Politicians are quietly lowering anti-nuclear colors raised following the accident at the Fukushima No. 1 nuclear power plant as Japan prepares for a second summer of energy shortages and a major debate over restarting suspended reactors.
Under intense pressure from the business world to ensure stable energy supplies, officials of the ruling Democratic Party of Japan are leaning toward allowing the resumption of reactors taken off the grid for periodic inspections.
Meanwhile, the opposition Liberal Democratic Party on Feb. 15 released an interim report on nuclear energy policy that effectively put off forming a definite policy on the future of nuclear energy in Japan for a decade.
The mood in Japan’s halls of power has changed markedly from the stridently anti-nuclear atmosphere under Naoto Kan’s prime ministership. As his administration battled to get the situation at the Fukushima plant under control, Kan called explicitly in late July for a sharp move away from nuclear energy.
But the ruling party's stance has become much less clear since Kan was replaced by Prime Minister Yoshihiko Noda in September.
At a meeting of the DPJ's energy project team on Feb. 15, representatives of Japan's three major economic organizations urged the resumption of operations at nuclear power plants to ensure a stable supply of electricity this summer.
DPJ policy chief Seiji Maehara has long favored a resumption of operations as well as continued exports of nuclear plant technology, and the energy project team’s chairman is now Akihiro Ohata, a former economy minister who once worked on nuclear power plant design at Hitachi Ltd.
At the Feb. 15 meeting, Ohata said: "While we will be able to overcome the situation this winter due to the cooperation of the public and the efforts made by electric power companies, there are no assurances that the same can be said about this summer."
The Nuclear and Industrial Safety Agency has now approved the stress tests conducted by Kansai Electric Power Co. on its two reactors at the Oi nuclear plant in Fukui Prefecture, opening the way to their resumption.
And the DPJ project team, facing not only a hamstrung nuclear industry but concerns about a cut in petroleum imports from Iran this year due to economic sanctions, is expected to compile a report in March that would call for the resumption of operations at plants on condition that they have passed stress tests and received the consent of local governments in their areas.

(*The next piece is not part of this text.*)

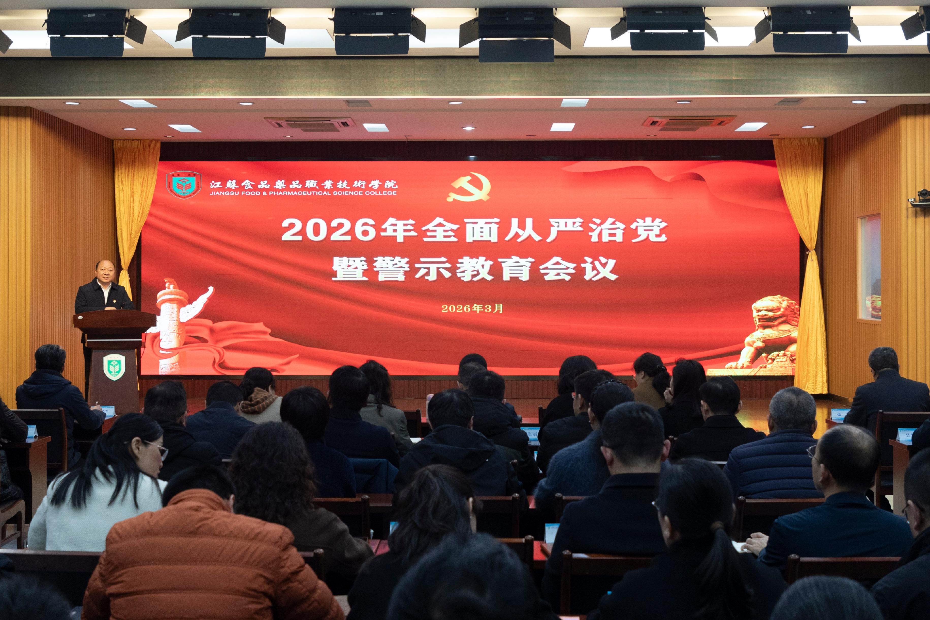3月17日下午,学校在第四会议室召开2026年全面从严治党暨警示教育大会。党委书记翟玮玮出席会议并讲话,校长安进主持会议。 翟玮玮指出,过去一年,学校党委始终将政治建设摆在首位,坚持以习近平新时代中国特色社会主义思想为指导,坚决贯彻落实中央及上级党委各项决策部署,扎实开展深入贯彻中央八项规定精神学习教育,抓紧抓实省委巡视反馈问题整改,稳步推进廉洁文化建设取得新成果,学校全面从严治党工作取得新成效。 翟玮玮强调,2026年是“十五五”开局之年,也是学校第二期国家“双高建设计划”纵深推进的关键之年。面对新形势新任务,全校上下必须强化责任落实,以过硬作风凝聚攻坚合力,以实干担当树立和践行正确政绩观。一是坚持将管党治党责任扛在肩上,紧盯关键环节防控风险,构建闭环落实机制;二是坚持将巡视整改成果巩固深化,标本兼治,健全长效管控机制;三是坚持将风腐同治机制抓实抓细,聚焦重点领域专项治理;四是坚持将监督触角向基层延伸,持续整治师生身边不正之风;五是坚持将干部队伍建设摆在突出位置,强化干部“八小时内外”监督,打造忠诚干净担当的高素质专业化干部队伍。 安进在主持会议时指出,全体同志要高度重视,深学细悟、笃行实干,把树立和践行正确政绩观融入全面从严治党全过程,切实将会议精神转化为办学治校实效,层层压实责任、级级传导压力,强化监督保障,深化正风肃纪反腐,为学校高质量发展提供坚强政治与纪律保障。 会上,学校领导班子成员、二级院部、职能部门负责人向党委书记递交了《2026年全面从严治党党风廉政建设责任书》;与会同志集体观看了警示教育专题片《斩断风腐交织链条》;党员干部代表于溥春、李琴、张春凯作表态发言。会前,学校党委会专题研究了全面从严治党工作,审议通过了全面从严治党主体责任清单与纪委监督责任清单等文件。 全体校领导、学校纪委委员、中层干部、二级党组织纪检委员参加会议。

Project team members say they are following the lead of government officials who have come out in favor of resuming operations.
The replacement shift from Kan to Noda has also weakened pressure on the LDP to review its nuclear energy policy.

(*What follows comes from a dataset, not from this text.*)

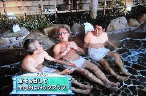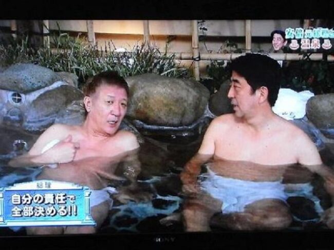 「男風呂」なので、SPを兼ねて私が撮影したので、こんな画像が世に出ることはありませんが、「2度目の首相」にするための作戦だったので大成功でした。
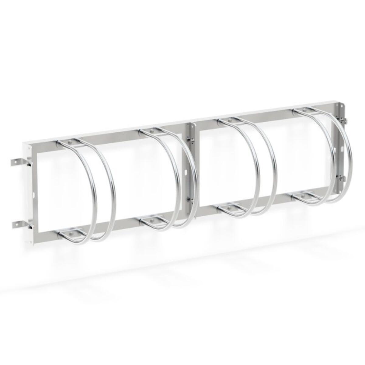 Vegghengt sykkelstativ for 6 sykler. Passer for dekkbredde opp til 55 mm. Produsert i galvanisert stål.

When Kan hinted that he might dissolve the Lower House and call a snap election over whether Japan should move away from nuclear energy, LDP lawmakers called for a review of the party's nuclear energy policy. Fear of losing votes due to the party’s long-standing promotion of the nuclear industry appeared to raise a real possibility of a major shift in policy.

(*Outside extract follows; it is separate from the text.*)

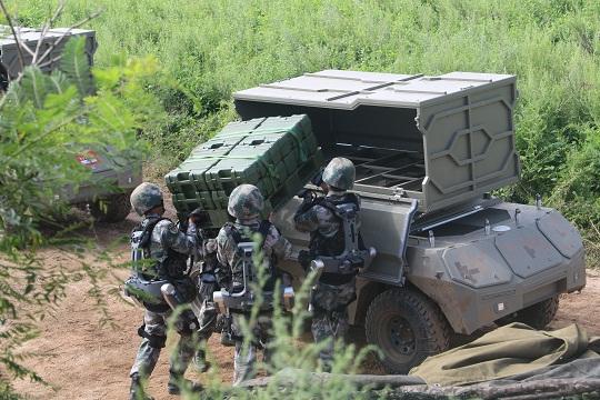 咸玉龍和戰(zhàn)友們借助機械外骨骼,從彈藥車上輕松取下無人車,然后兩人一組,迅速將近600公斤彈藥裝進無人車并貼上防護膜。隨后,咸玉龍并沒有像往常那樣“身先士卒”,而是置身幕后操控搭載著彈藥單元的無人車,直接穿過染毒地帶、往來穿梭于硝煙密布的演練場上,彈藥投送全程不見一兵一卒,高效精準。

The LDP did establish a committee to discuss nuclear energy policy, but, after Kan stepped down, the issue seemed to lose urgency. An interim report that was initially scheduled to be released in August was not compiled until Feb. 15.
There are still major differences among the LDP members on the nuclear issue. When a draft of the interim report was presented on Feb. 14, anti-nuclear voices within the party were still calling for a decisive move away from nuclear dependence, while members who favor maintaining nuclear plants stressed that stopping plants immediately was not realistic.
The interim report itself, while giving an apology for the nuclear accident at the Fukushima No. 1 plant, only called for a decision on what to do about nuclear plants over the next 10 years, effectively kicking the issue into the long grass.